Il Papa si ritirò nel Vaticano rifiutando di riconoscere il nuovo Stato e dichiarandosi prigioniero politico. Questa situazione, indicata dalla storiografia come Questione romana (la controversia - dibattuta durante il Risorgimento - relativamente al ruolo di Roma sede del potere temporale del Papa, ma, al tempo stesso, capitale del Regno d’Italia) perdurò fino ai Patti Lateranensi del 1929, sottoscritti in accordo col governo fascista. 

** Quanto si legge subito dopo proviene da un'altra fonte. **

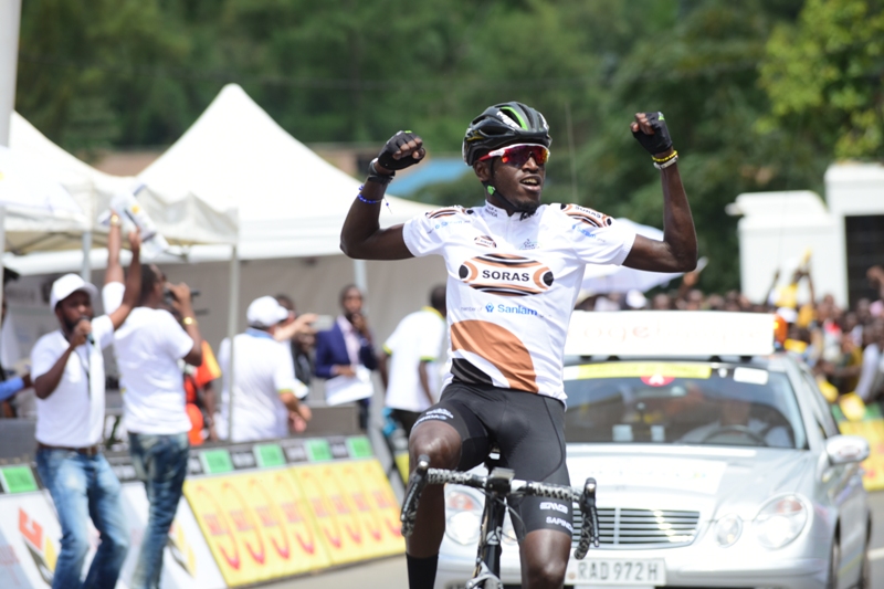 Uyu mwenda w’umuhondo "Maillot Jaune" yawambuye Areruya Joseph wari wayegukanye mu gace ka mbere ka Kigali-Ngoma, tariki ya 14 Ugushyingo 2016.

Conseguentemente Pio IX, il 10 settembre 1874, promulgò il famoso “non expedit” con il quale veniva palesemente sconsigliata la partecipazione di ecclesiastici e cattolici alla vita politica del neo Stato italiano, nato da un violento atto contro lo Stato della Chiesa. 
Il 13 maggio 1871 fu promulgata la Legge delle Guarentigie con la quale lo Stato italiano stabiliva unilateralmente i diritti e i doveri dell’autorità papale. Il 21 agosto 1871 Pio IX scrisse a re Vittorio Emanuele II, esprimendo le ragioni per cui non poteva accettare la legge. Fino alla sua morte il Papa continuò a definirsi “prigioniero dello Stato italiano”. 

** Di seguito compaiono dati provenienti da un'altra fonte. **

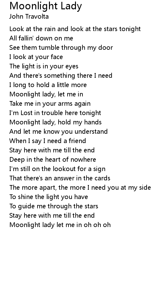 Moonlight lady let me in oh oh oh |

Una storia molto lontana nel tempo, ma che permette ai noi contemporanei – se ne avessimo voglia – di riavvolgere il filo della storia d’Italia e dei rapporti burrascosi tra il nascente Regno d’Italia e lo Stato Pontificio e la Chiesa Cattolica. Una storia che – come tante altre - non fu fatta solo da aneliti nobili, gesta eroiche, fieri propositi, ma anche da sordidi intrighi di palazzi, tradimenti inverecondi e colpi di scena. Dei quali è intessuto tutto il pontificato dello storico Papa che voleva farsi Re, così magistralmente raccontata da Kertzer.